Your instructions. Each line below is to be copied exactly; images do not go into the copy.

Material provided.
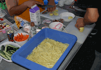 テントでは、本日のメインディッシュの下準備が始まっています。ジャガイモを細切りにします。 |
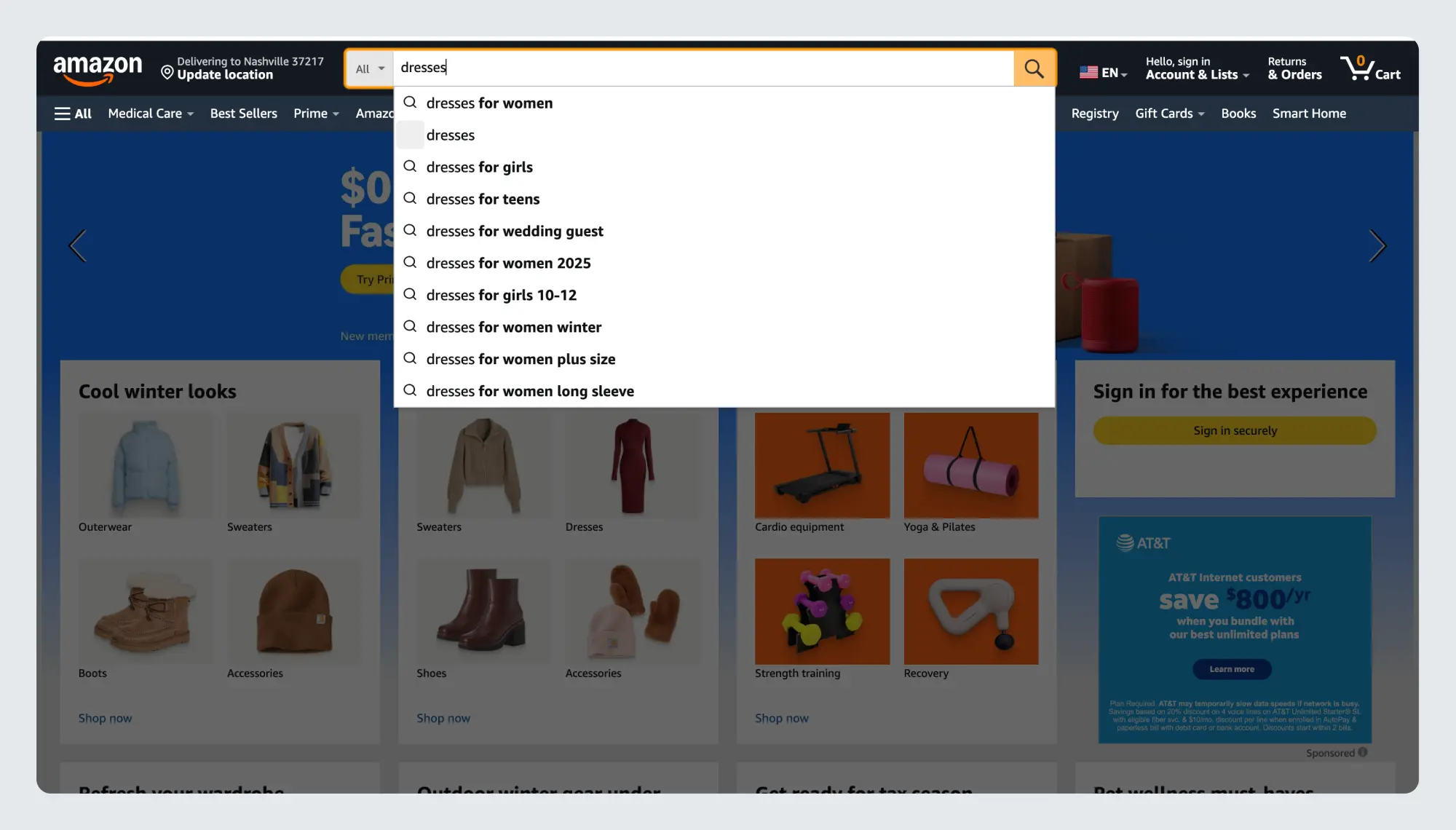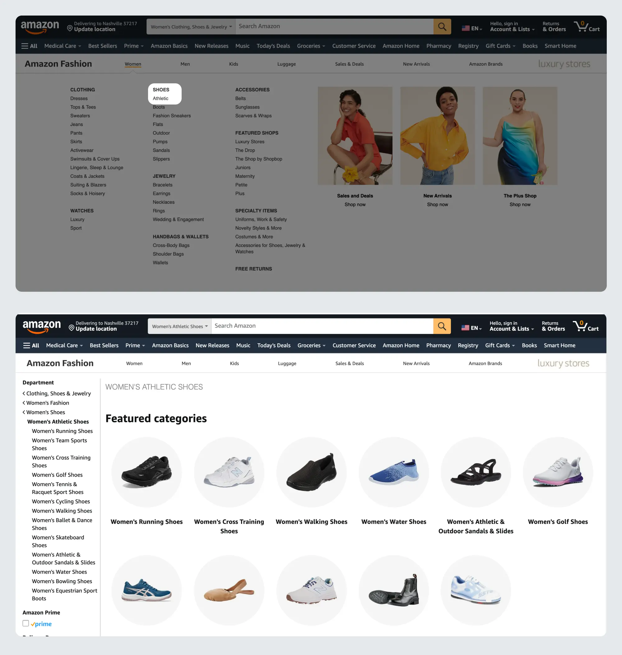 For example, if you’re a women’s fashion retailer, go to Clothing, Shoes, Jewelry & Watches, select women, then hover over “Women” in the top navigation bar.
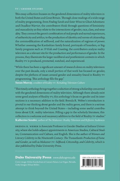 This essay collection focuses on the gendered dimensions of reality television in both the United States and Great Britain. Through close readings of a wide range of reality programming, from Finding Sarah and Sister Wives to Ghost Adventures and Deadliest Warrior, the contributors think through questions of femininity and masculinity, as they relate to the intersections of gender, race, class, and sexuality. They connect the genre's combination of real people and surreal experiences, of authenticity and artifice, to the production of identity and norms of citizenship, the commodification of selfhood, and the naturalization of regimes of power. Whether assessing the Kardashian family brand, portrayals of hoarders, or big-family programs such as 19 Kids and Counting, the contributors analyze reality television as a relevant site for the production and performance of gender. In the process, they illuminate the larger neoliberal and postfeminist contexts in which reality TV is produced, promoted, watched, and experienced. Contributors. David Greven, Dana Heller, Su Holmes, Deborah Jermyn, Misha Kavka, Amanda Ann Klein, Susan Lepselter, Diane Negra, Laurie Ouellette, Gareth Palmer, Kirsten Pike, Maria Pramaggiore, Kimberly Springer, Rebecca Stephens, Lindsay Steenberg, Brenda R. Weber
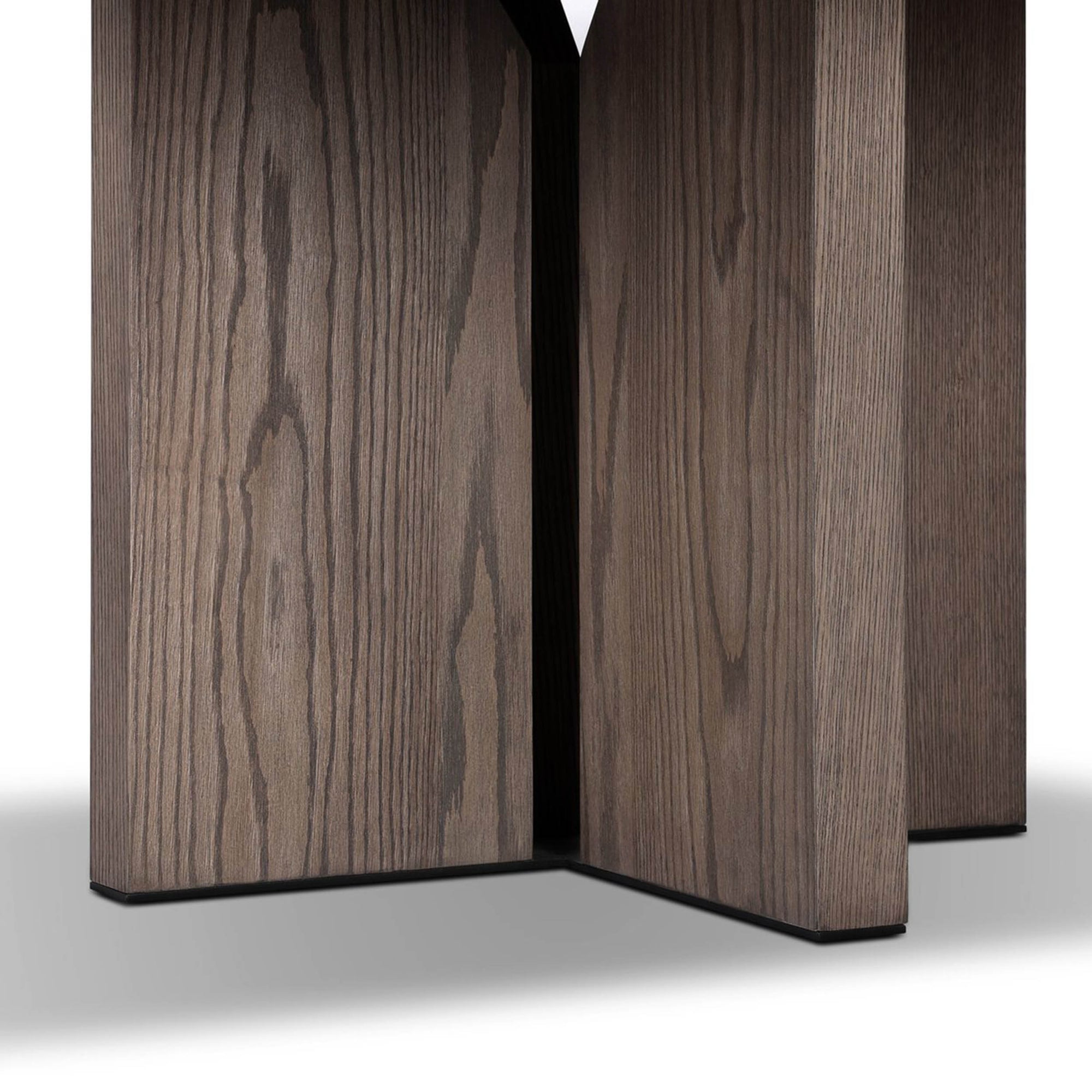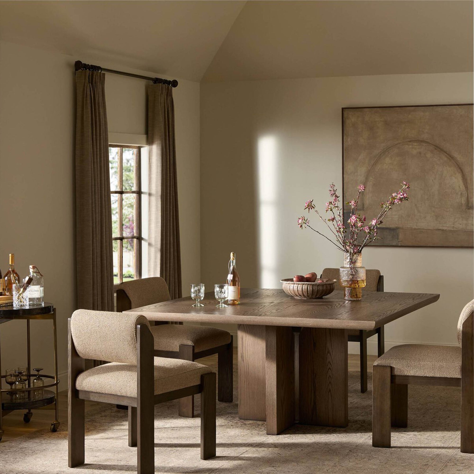 The Ernest Square Dining Table embraces Nordic minimalism with a softened square top and a bold plinth-leg base. Finished in grey-brown oak veneer and grounded by a black metal plate, this pedestal-style piece blends clean geometry with refined materiality.
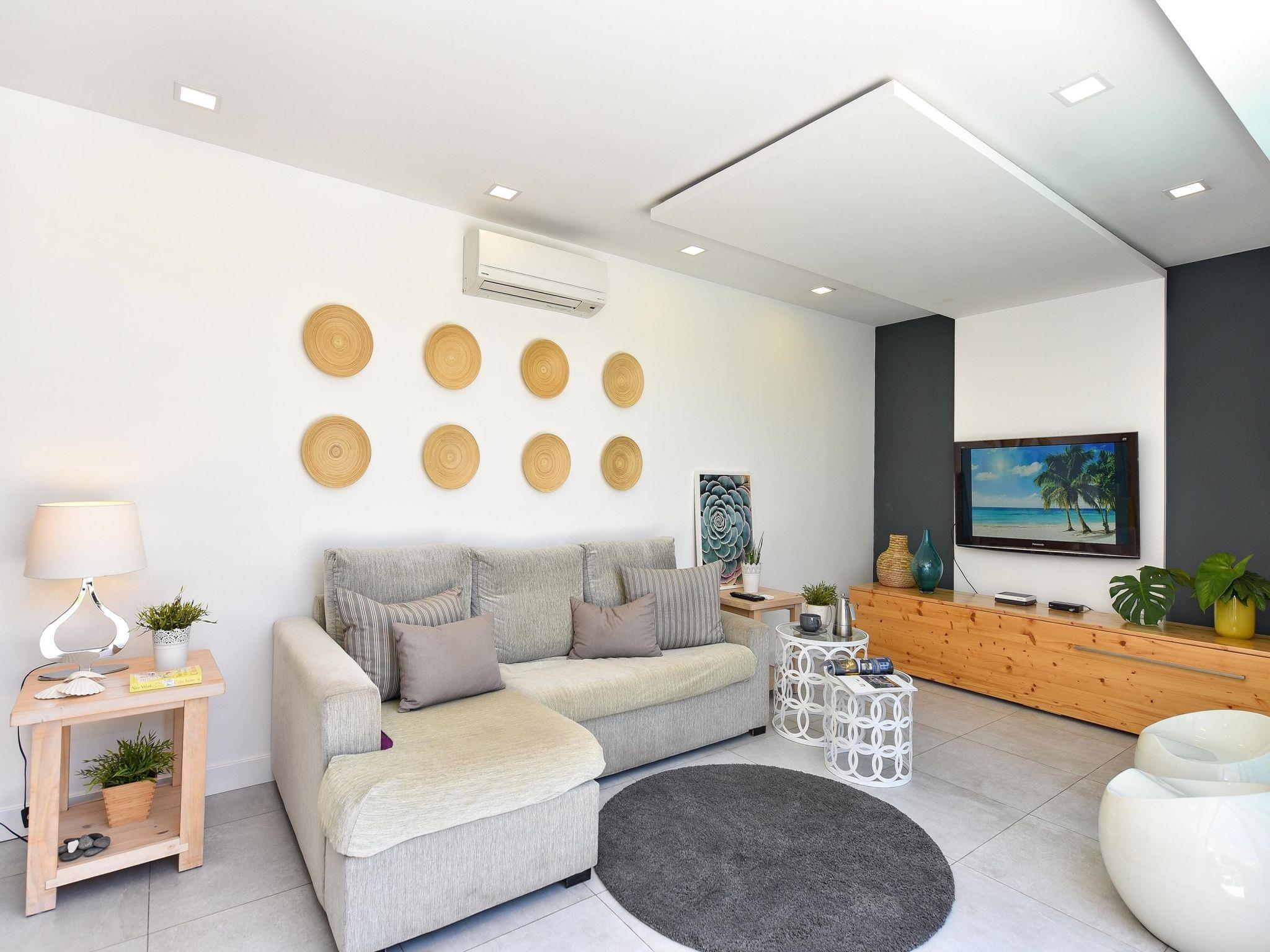 "GD04", 4-room bungalow 100 m2. Object suitable for 6 adults. Very comfortable and tasteful furnishings: living room with TV, flat screen and air conditioning. Exit to the patio. 1 open room with 1 french bed (150 cm, length 200 cm), TV, flat screen and air conditioning. 1 room with 1 french bed (150 cm, length 200 cm). 2 rooms, each room with 2 beds (90 cm, length 190 cm), air conditioning. Open kitchen (oven, dishwasher, 4 ceramic glass hob hotplates, toaster, kettle, microwave, freezer, electric coffee machine). 2 Baths/showers. Carpet. Deck chairs (2), sitting area. Facilities: washing machine, dryer, iron, children's high chair, baby cot for up to 2 year olds, hair dryer. Internet (WiFi, free). Please note: suitable for families. Non-smokers only. 2021-T1267 // Reg. Nr.: ESFCTU0000350130003705360000000000000VV-35-1-00155016

Final answer.
 テントでは、本日のメインディッシュの下準備が始まっています。ジャガイモを細切りにします。 |
 For example, if you’re a women’s fashion retailer, go to Clothing, Shoes, Jewelry & Watches, select women, then hover over “Women” in the top navigation bar.
 This essay collection focuses on the gendered dimensions of reality television in both the United States and Great Britain. Through close readings of a wide range of reality programming, from Finding Sarah and Sister Wives to Ghost Adventures and Deadliest Warrior, the contributors think through questions of femininity and masculinity, as they relate to the intersections of gender, race, class, and sexuality. They connect the genre's combination of real people and surreal experiences, of authenticity and artifice, to the production of identity and norms of citizenship, the commodification of selfhood, and the naturalization of regimes of power. Whether assessing the Kardashian family brand, portrayals of hoarders, or big-family programs such as 19 Kids and Counting, the contributors analyze reality television as a relevant site for the production and performance of gender. In the process, they illuminate the larger neoliberal and postfeminist contexts in which reality TV is produced, promoted, watched, and experienced. Contributors. David Greven, Dana Heller, Su Holmes, Deborah Jermyn, Misha Kavka, Amanda Ann Klein, Susan Lepselter, Diane Negra, Laurie Ouellette, Gareth Palmer, Kirsten Pike, Maria Pramaggiore, Kimberly Springer, Rebecca Stephens, Lindsay Steenberg, Brenda R. Weber
 The Ernest Square Dining Table embraces Nordic minimalism with a softened square top and a bold plinth-leg base. Finished in grey-brown oak veneer and grounded by a black metal plate, this pedestal-style piece blends clean geometry with refined materiality.
 "GD04", 4-room bungalow 100 m2. Object suitable for 6 adults. Very comfortable and tasteful furnishings: living room with TV, flat screen and air conditioning. Exit to the patio. 1 open room with 1 french bed (150 cm, length 200 cm), TV, flat screen and air conditioning. 1 room with 1 french bed (150 cm, length 200 cm). 2 rooms, each room with 2 beds (90 cm, length 190 cm), air conditioning. Open kitchen (oven, dishwasher, 4 ceramic glass hob hotplates, toaster, kettle, microwave, freezer, electric coffee machine). 2 Baths/showers. Carpet. Deck chairs (2), sitting area. Facilities: washing machine, dryer, iron, children's high chair, baby cot for up to 2 year olds, hair dryer. Internet (WiFi, free). Please note: suitable for families. Non-smokers only. 2021-T1267 // Reg. Nr.: ESFCTU0000350130003705360000000000000VV-35-1-00155016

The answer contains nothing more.